Thomas J. Duch (born September 3, 1956) is an American public servant and Democratic Party politician from Bergen County, New Jersey.

Biography
Duch was born in 1956 in Passaic to Thomas and Helen O. Duch. His brother John Gregory Duch (1960–2017) would follow Thomas in serving in Garfield city government. He graduated from Garfield High School, received a B.A. in government from Lehigh University in 1978, and a J.D. from Seton Hall University School of Law in 1981; he was admitted to the bar that same year. He practices law at a firm in Elmwood Park, New Jersey. In 1980, at the age of 23, Duch was elected mayor of Garfield; he was reelected in 1984.

In 1987, Duch and running mate Passaic Council President Louis J. Gill defeated Republican candidates Frank B. Calandriello and Andrew E. Bertone for two seats in the New Jersey General Assembly from the 36th district after the two incumbent Republicans chose not to run for reelection. The two were reelected in 1989. In 1990, Duch cast one of the final votes in favor of Governor James Florio's unpopular income tax increases. In the 1991 elections, following a redistricting which moved Garfield into the 38th district, Duch and his new running mate Frank Biasco were defeated by incumbent Republican Assembly members Patrick J. Roma and Rose Marie Heck.
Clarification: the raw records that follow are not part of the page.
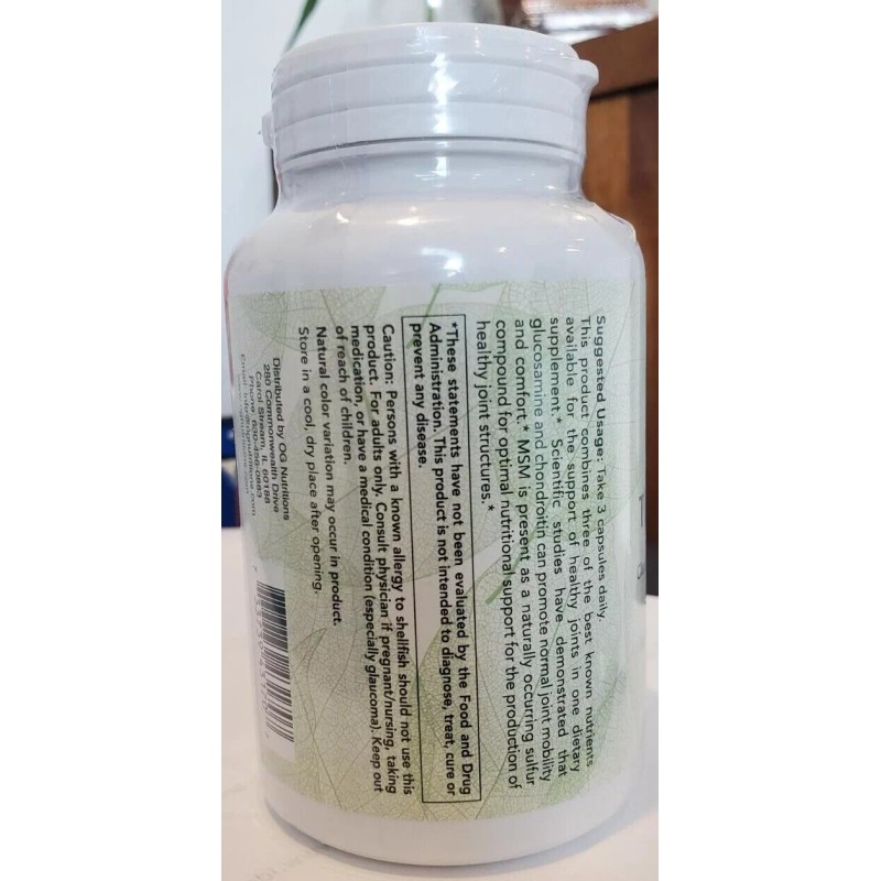OG Nutritions Triple Flex combines three of the best known nutrients available for the support of healthy joints in one dietary supplement.* Scientific studies have demonstrated that glucosamine and chondroitin can promote normal joint mobility and comfort.* MSM is present as a naturally occurring sulfur compound for optimal nutritional support for the production of healthy joint structures.*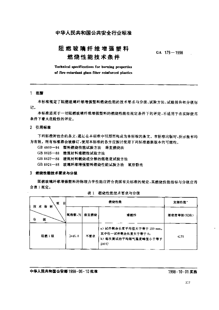 GA 179-1998 阻燃玻璃纤维增强塑料燃烧性能技术条件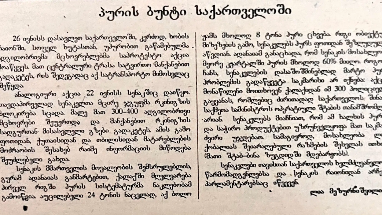 1993 წლის ივნისში საქართველოში პურის ბუნტი დაიწყო. უპურობის გამო ხალხმა პროტესტი დაიწყო. 22 ივნისს სენაკში მცირე ჯგუფმა რკინიგზის ბლოკირება სცადა, მალე მათ 300-400 ადგილობრივი მცხოვრები შეუერთდა და რკინიგზის სადგურთან მისასვლელი გზები გადაკეტეს. სენაკის მმართველის მოვალეობის შემსრულებელმა გურამ ადამიამ თქვა, რომ ქალაქში მღელვარება პურის სისტემატურმა ნაკლებობამ გამოიწვია: აუცილებელი 24 ტონის ნაცვლად, მხოლოდ 8 ტონა პური ცხვებოდა. სენაკელებს პურს ფოთიდან შეზღუდულად აწვდიდნენ. აქციის მონაწილეები ასევე ითხოვდნენ ქალაქიდან 300 პოლიციელის გაყვანას. სენაკელები ამბობდნენ, რომ მათი უზრუნველყოფა პურითა და საჭირო პროდუქტებით ძვირი უჯდებათ.
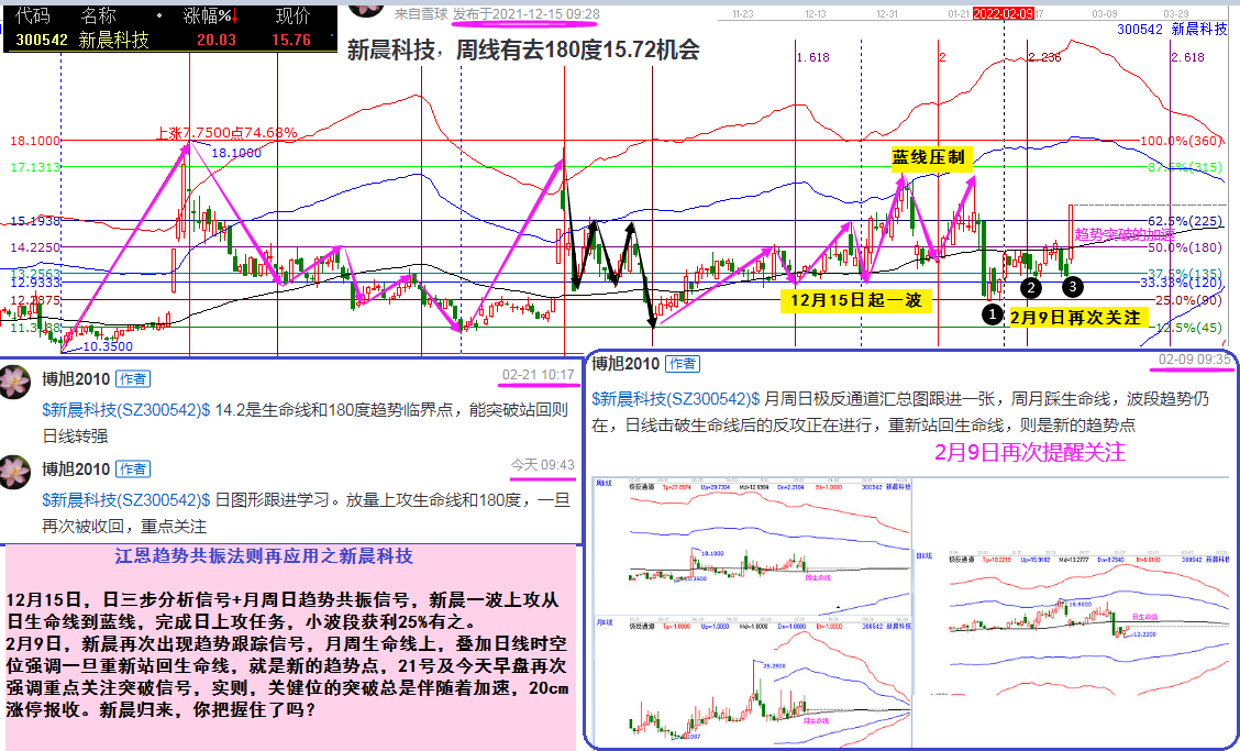 2月9日,新晨再次出現(xiàn)趨勢(shì)跟蹤信號(hào),月周生命線上,疊加日線時(shí)空位強(qiáng)調(diào)一旦重新站回生命線,就是新的趨勢(shì)點(diǎn),21號(hào)及今天早盤(pán)再次強(qiáng)調(diào)重點(diǎn)關(guān)注突破信號(hào),實(shí)則,關(guān)健位的突破總是伴隨著加速,20cm漲停報(bào)收。新晨歸來(lái),知道如何把握了嗎?

Duch would later move to Wyckoff. In 2003, he was hired as the city manager for Garfield. In 2017, he was the Democratic nominee for the New Jersey Senate from the 40th district. However, he was defeated in the general election by appointed Republican incumbent Kristin Corrado. A park along the Dundee Dam in Garfield, land which began to be acquired by the city during Duch's mayoralty, was renamed for Duch in 2016.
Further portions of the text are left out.